- 1932
- Born: Anne Ector April 16, 1878 Marshall, Texas
- Died: September 13, 1934 (aged 56) Shreveport, Louisiana
- Other names: Anne Ector, Anne Pleasant
- Occupations: teacher, First Lady of Louisiana
- Years active: 1899-1934

= Anne Ector Pleasant =

American school teacher

Anne Ector Pleasant (April 16, 1878 – September 13, 1934) was an American school teacher and founder of the private school Pleasant Hall in Shreveport which operated for more than fifty years. Between 1916 and 1920, she was the First Lady of Louisiana and though she supported women's suffrage, she was not in favor of passage of the Nineteenth Amendment, believing voting rights were a state rather than a federal issue.

==Early life==
Anne Ector was born on April 16, 1878, in Marshall, Texas to Sarah Parish "Sally" (née Chew) and General Matthew D. Ector. Her father was a brigadier general in the Confederate States Army, who was wounded during the Atlanta campaign in 1864 and then returned to Texas where he served as a judge. At the time of his death in 1879, he was the presiding judge of the Court of Appeals. Her mother was originally from Kentucky and after her husband's death raised Anne and her siblings, Helen, Walker and William. Ector attended Belwood Seminary in Anchorage, Kentucky and went on to further her schooling at the Sam Houston Normal Institute in Huntsville, Texas, graduating in 1899.

==Career==
After completing her education, Ector began teaching in Texas and taught for several years until her marriage on February 14, 1906, to Ruffin Pleasant, who was the city attorney for Shreveport, Louisiana. After her marriage, Pleasant was active in the woman's club movement, serving as president of the district Federation of Women's Clubs, while her husband served for six years as city attorney and then worked in private practice as a lawyer. He was appointed as assistant attorney general in 1911, causing the couple to move to New Orleans and then was made attorney general in 1912. After four years, he was elected as Governor of Louisiana. During his governorship, Pleasant was active in the suffrage movement. While she was in favor of women's suffrage, she was against the passage of the Nineteenth Amendment to the United States Constitution, believing that states, rather than the federal government should determine who should be eligible to vote.

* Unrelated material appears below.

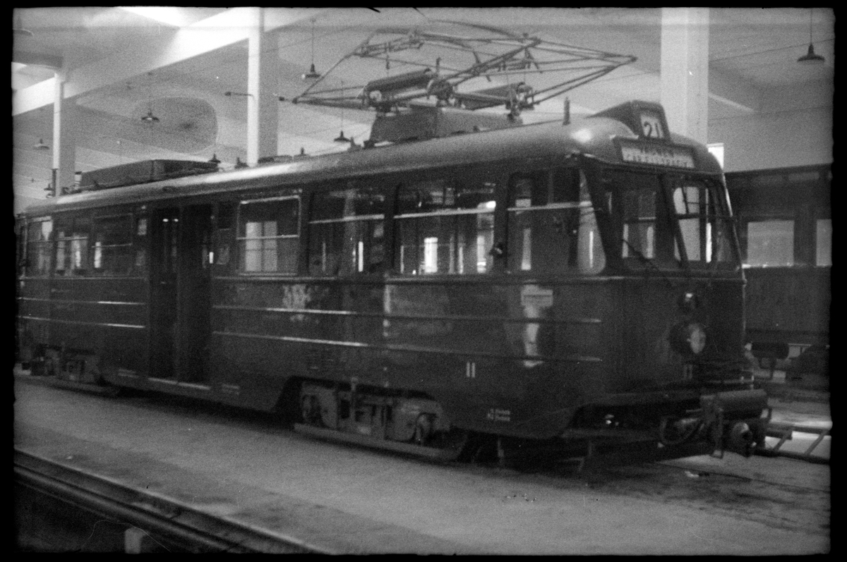 Lidingö Trafik Aktiebolag, LiB A24(A) 11 "ängbyvagn" uppställd i Hersbyholms vagnhall.

In 1920, when her term as First Lady ended, the couple returned to Shreveport. Within three years, Pleasant, who had been privately tutoring students in her home, opened Pleasant Hall, a private elementary school. The school focused on basic studies in reading, writing and arithmetic, but also offered instruction in French, English grammar and both music and art. Classes were held in the couple's home, which was located at 1703 Highland Avenue, on the corner with Wyandotte Street.

Pleasant was known as an opponent of Louisiana politician Huey Long and the two had a history of oral conflicts. In 1933, she made national headlines when she sued Long, alleging that while investigating documentation on nepotism and "questionable use and disposition" of the public's taxes in government institutions, she was removed from the courthouse, arrested and slandered when Long called her a "drunken, cursing woman". Initially, she asked for $250,000, but the amended her petition to double the amount, when she felt Long was trying to intimidate her. Long tried to have the case dismissed on the grounds that under Louisiana law Pleasant could not sue in her own name, as under the state community property law, the suit would only be proper if filed in her husband's name. District Judge W. Carruth Jones rejected the argument based on similar cases that had been elevated to the Supreme Court.

==Death and legacy==
Pleasant died on September 13, 1934, after having accidentally consumed antiseptic which she had mistaken for her medication. After her death, her husband took over the operation of Pleasant Hall and ran it until his death in 1937. When he died, his sister, Mrs. Lucille Johnson took over the management of the school, which continued operating until the 1970s and maintained a reputation for its high educational standard in liberal arts. The home where the school was housed is noted by a tourist marker, as the last remaining home in Shreveport occupied by a state governor.